Türkiye, bir demokratik hukuk devletidir. Erkler bellidir; yürütme, yargı yasama. Gerçek güç millettir. Millet her şeyin sahibidir. İster yürütmede ister yargıda ister yasamada olalım, Türk milleti adına yapıyoruz. Millet tabiri caizse herkesin patronudur. Yargı ile yürütme arasında yaşanan sıkıntı bugünün meselesi değil. Hatırlayın yakın tarihimizde, cumhurbaşkanlığı seçiminde yargının 367 meselesinde yürütmeye, yasamaya etki ettiğini, anayasa değişikliğini referanduma götürdüğünü herkes biliyor.
Zaman zaman kurumlar kendi yetki alanlarından çıkmaya başladılar mı ülkede kaos oluşuyor. Bugün biraz böyle olduğunu düşünüyorum. Yolsuzluk, herkesin hassas olduğu bir konudur. Yolsuzlukla suçlamak ciddi bir suçlamadır. Bunun boyutları yolsuzluğun çok ötesindeki bir noktaya geldi.

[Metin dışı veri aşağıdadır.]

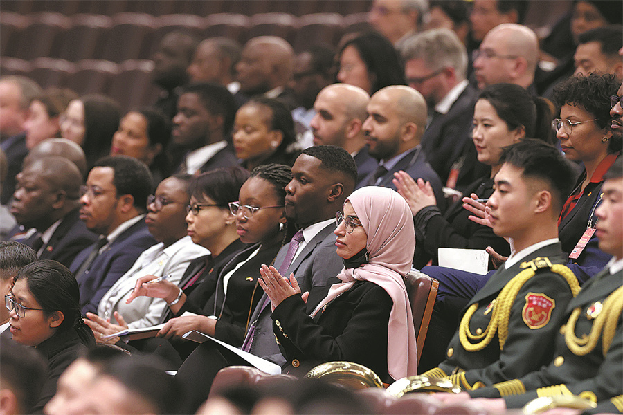 Foreign envoys attend the second session of the 14th National Committee of the Chinese People's Political Consultative Conference, which opened at the Great Hall of the People in Beijing on Monday. [WANG JING/CHINA DAILY]

10 gün içinde yaşanan gelişmelere baktığınız zaman şimdi başka bir yerdeyiz. Yolsuzluk varsa, yolsuzlukla itam edilenler varsa, bunun arkasında durmak, bunu savunmak asla ve asla akıl, hizan sahibi hiç kimsenin hakkı olamaz, haddi olamaz. Bunların hepsinin ortaya çıkartılması lazım, buna hiçbir itirazımız olamaz. Bu algının arkasında daha büyük bir oyunu oynandığını Türkiye, Türk milleti açık seçik görüyor.
Borsa’daki düşüşe bakalım, dövizdeki artışa bakalım ve Türkiye’nin borçlanma faizine bakalım. Türkiye daha fazla bedel ödeyecektir. Doğalgaza daha fazla para ödeyecek, enerjiye daha fazla para ödeyecek. Dolayısıyla Türkiye ekonomisi bundan olumsuz etkilenecek. Şirketlerin değerleri aşağıya düştü. Şirketleri satın almak isteyen yabancı büyük finansal çevreler, çok iyi fırsat yakaladı. Bu olayın kısa vadede kaybettirdiği 120 milyar liradır. Ulaştırma Bakanlığı olarak 10 yılda yaptığımız yatırımın tutarı bu kadardır.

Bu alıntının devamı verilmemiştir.